### Aim of the task
What you return should be only the lines in the entries below between the one holding "I seem to have" and the one holding "This Town Hall", ends included, with every picture left out.

(Source data)

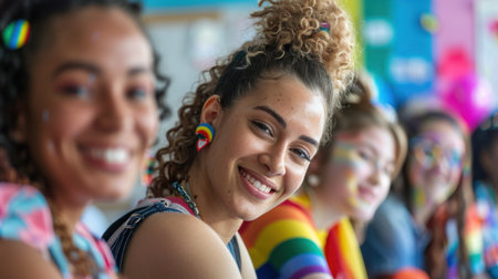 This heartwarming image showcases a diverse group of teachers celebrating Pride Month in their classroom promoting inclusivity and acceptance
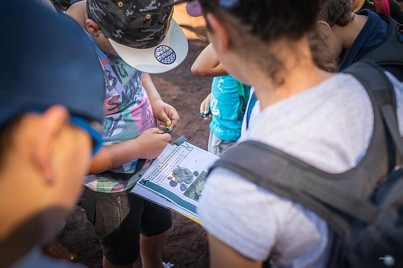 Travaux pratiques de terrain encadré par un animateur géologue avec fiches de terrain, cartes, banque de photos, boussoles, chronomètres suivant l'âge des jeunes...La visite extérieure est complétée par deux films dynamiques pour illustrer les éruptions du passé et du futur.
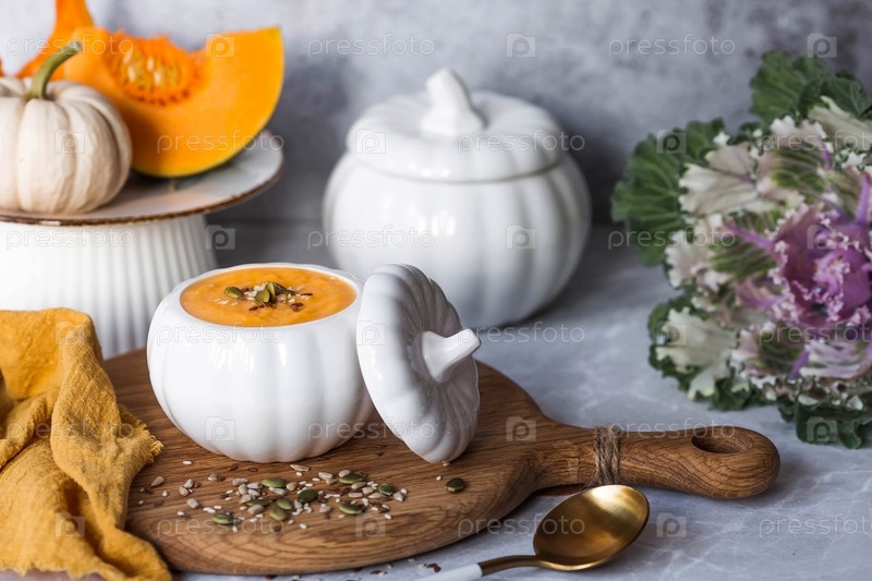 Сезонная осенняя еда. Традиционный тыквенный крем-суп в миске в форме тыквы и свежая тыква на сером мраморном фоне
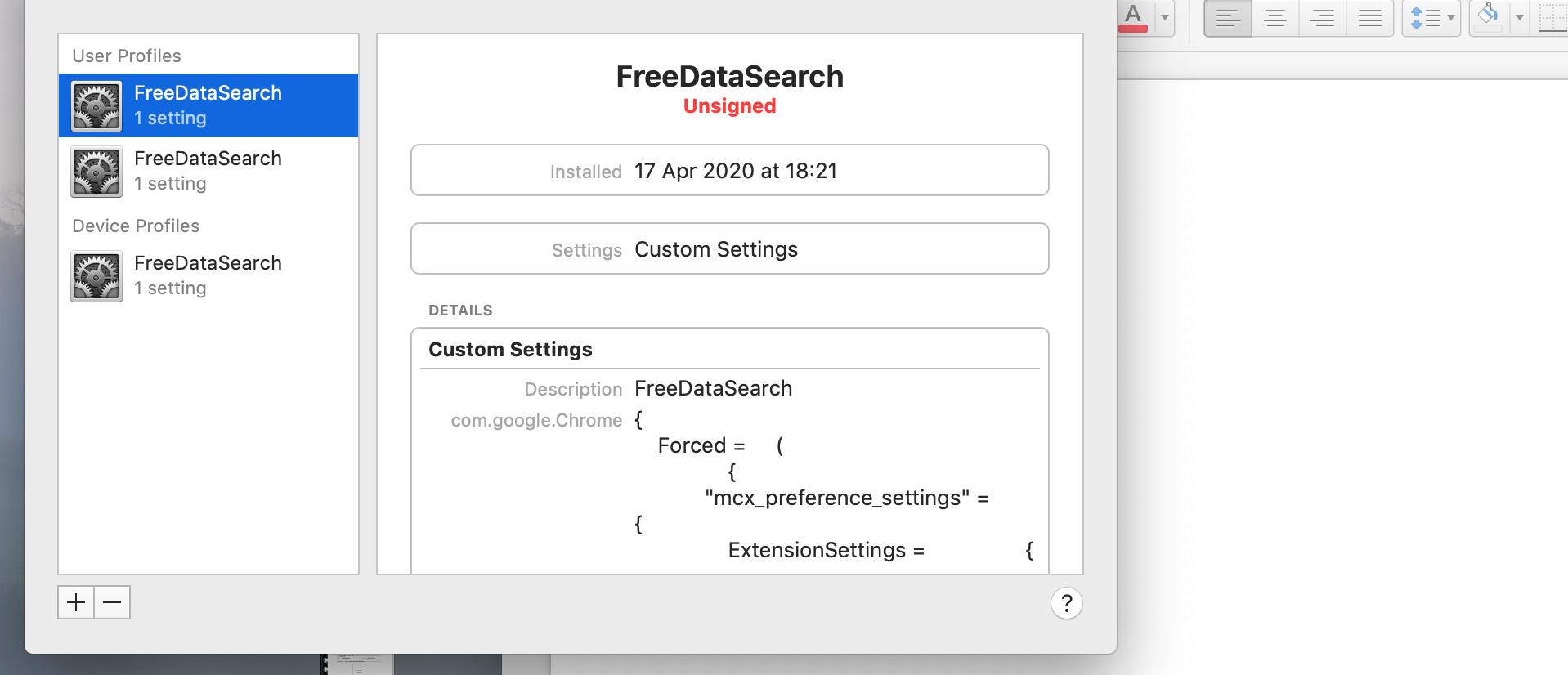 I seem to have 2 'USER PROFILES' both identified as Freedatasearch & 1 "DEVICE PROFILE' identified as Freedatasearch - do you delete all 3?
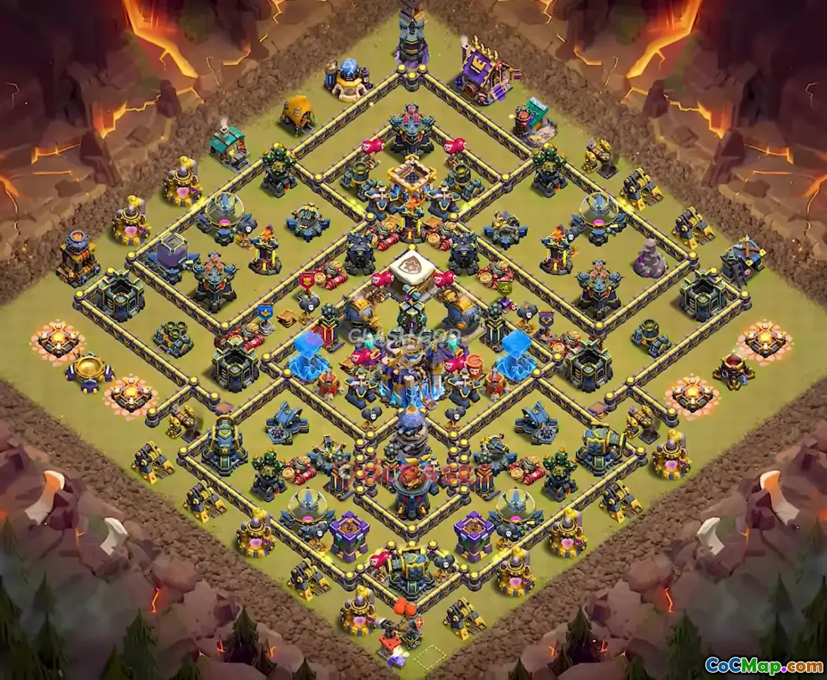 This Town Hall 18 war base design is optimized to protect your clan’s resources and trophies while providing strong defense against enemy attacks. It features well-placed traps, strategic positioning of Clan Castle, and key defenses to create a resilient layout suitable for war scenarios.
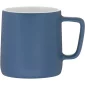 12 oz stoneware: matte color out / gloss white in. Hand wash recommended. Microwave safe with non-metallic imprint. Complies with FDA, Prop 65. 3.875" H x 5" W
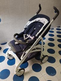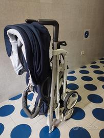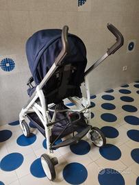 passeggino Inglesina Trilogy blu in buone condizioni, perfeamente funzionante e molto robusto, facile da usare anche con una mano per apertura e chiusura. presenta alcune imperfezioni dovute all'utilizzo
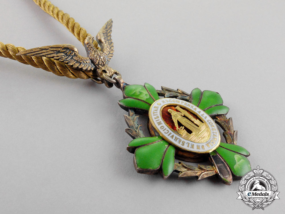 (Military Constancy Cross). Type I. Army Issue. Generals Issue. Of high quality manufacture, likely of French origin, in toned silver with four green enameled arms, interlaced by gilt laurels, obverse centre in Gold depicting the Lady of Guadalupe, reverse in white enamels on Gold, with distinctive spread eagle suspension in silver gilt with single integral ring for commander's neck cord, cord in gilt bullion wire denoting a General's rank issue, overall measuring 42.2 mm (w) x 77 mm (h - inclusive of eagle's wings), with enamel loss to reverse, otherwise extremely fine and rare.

(End Source data)
(Source data)

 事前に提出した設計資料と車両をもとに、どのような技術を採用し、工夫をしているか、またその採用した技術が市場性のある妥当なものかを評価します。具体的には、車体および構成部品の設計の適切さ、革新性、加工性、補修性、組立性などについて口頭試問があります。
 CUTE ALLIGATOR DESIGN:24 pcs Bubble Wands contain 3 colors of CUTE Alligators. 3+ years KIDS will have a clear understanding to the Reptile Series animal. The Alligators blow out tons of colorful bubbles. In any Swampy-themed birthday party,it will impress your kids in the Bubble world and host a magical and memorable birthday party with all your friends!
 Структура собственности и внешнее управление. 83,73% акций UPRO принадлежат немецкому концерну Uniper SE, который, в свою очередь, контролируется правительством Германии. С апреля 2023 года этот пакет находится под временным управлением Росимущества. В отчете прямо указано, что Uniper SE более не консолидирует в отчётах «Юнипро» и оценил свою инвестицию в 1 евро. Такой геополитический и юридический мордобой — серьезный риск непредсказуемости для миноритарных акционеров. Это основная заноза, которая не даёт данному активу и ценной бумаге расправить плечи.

(End Source data)
(Source data)

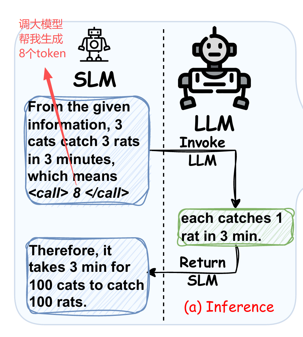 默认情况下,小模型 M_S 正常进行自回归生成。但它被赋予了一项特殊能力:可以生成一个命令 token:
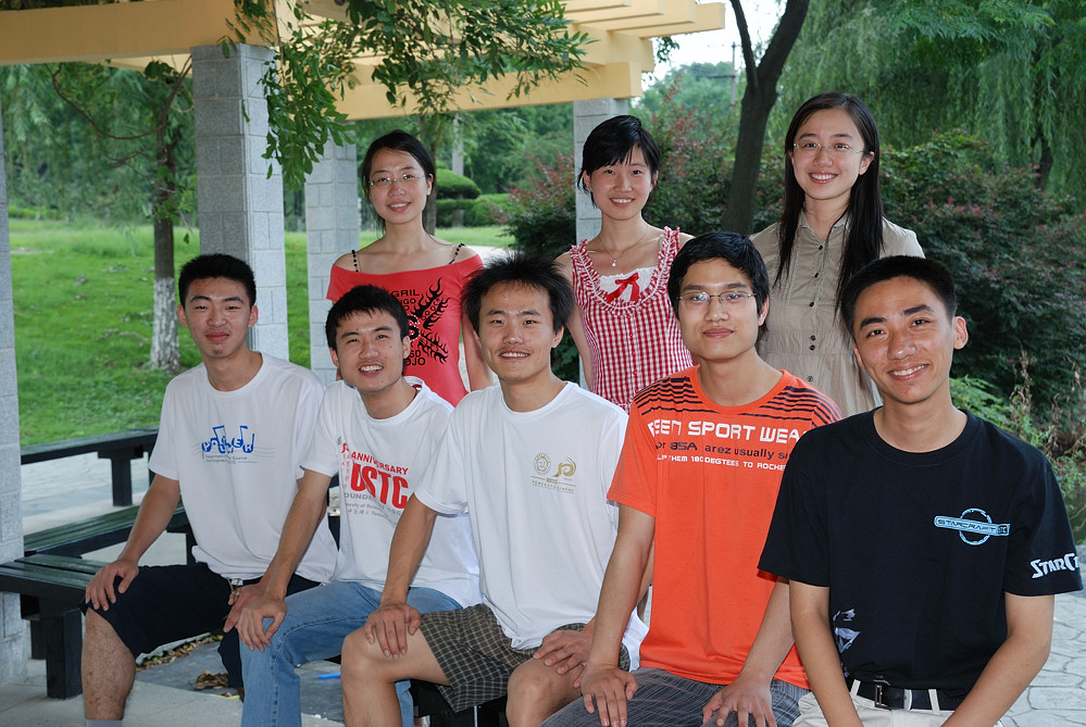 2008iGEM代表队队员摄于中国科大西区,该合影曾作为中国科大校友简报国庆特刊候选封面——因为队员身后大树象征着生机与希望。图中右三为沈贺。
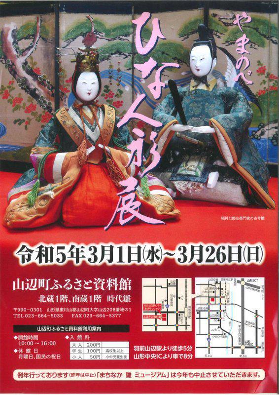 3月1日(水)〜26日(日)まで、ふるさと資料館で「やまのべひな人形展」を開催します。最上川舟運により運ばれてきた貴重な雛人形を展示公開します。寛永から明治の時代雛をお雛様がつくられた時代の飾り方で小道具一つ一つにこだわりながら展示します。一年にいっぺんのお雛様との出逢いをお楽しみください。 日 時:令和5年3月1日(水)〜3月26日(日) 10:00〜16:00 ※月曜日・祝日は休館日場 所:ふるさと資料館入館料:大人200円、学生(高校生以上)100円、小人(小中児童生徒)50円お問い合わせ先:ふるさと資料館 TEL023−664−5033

(End Source data)

### Solution to the problem
 I seem to have 2 'USER PROFILES' both identified as Freedatasearch & 1 "DEVICE PROFILE' identified as Freedatasearch - do you delete all 3?
 This Town Hall 18 war base design is optimized to protect your clan’s resources and trophies while providing strong defense against enemy attacks. It features well-placed traps, strategic positioning of Clan Castle, and key defenses to create a resilient layout suitable for war scenarios.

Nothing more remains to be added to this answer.